### MATERIAL FOR THE TASK
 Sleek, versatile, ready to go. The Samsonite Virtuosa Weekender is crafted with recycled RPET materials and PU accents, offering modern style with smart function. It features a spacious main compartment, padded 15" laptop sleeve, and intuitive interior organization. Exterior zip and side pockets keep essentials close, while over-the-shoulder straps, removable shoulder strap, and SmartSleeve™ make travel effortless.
######
### MATERIAL FOR THE TASK
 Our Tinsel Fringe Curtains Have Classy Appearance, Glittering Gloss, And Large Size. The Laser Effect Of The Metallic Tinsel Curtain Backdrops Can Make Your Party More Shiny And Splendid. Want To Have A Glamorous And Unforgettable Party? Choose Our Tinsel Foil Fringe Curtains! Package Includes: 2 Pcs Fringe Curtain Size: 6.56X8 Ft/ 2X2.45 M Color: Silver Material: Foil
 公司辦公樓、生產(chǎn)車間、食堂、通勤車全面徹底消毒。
######
Everything from the line with "Our Tinsel Fringe" through the line with "公司辦公樓、生產(chǎn)車間、食堂、通勤車全面徹底消毒。" should be written out exactly as it appears above, end lines included, and nothing outside that range.

 Our Tinsel Fringe Curtains Have Classy Appearance, Glittering Gloss, And Large Size. The Laser Effect Of The Metallic Tinsel Curtain Backdrops Can Make Your Party More Shiny And Splendid. Want To Have A Glamorous And Unforgettable Party? Choose Our Tinsel Foil Fringe Curtains! Package Includes: 2 Pcs Fringe Curtain Size: 6.56X8 Ft/ 2X2.45 M Color: Silver Material: Foil
 公司辦公樓、生產(chǎn)車間、食堂、通勤車全面徹底消毒。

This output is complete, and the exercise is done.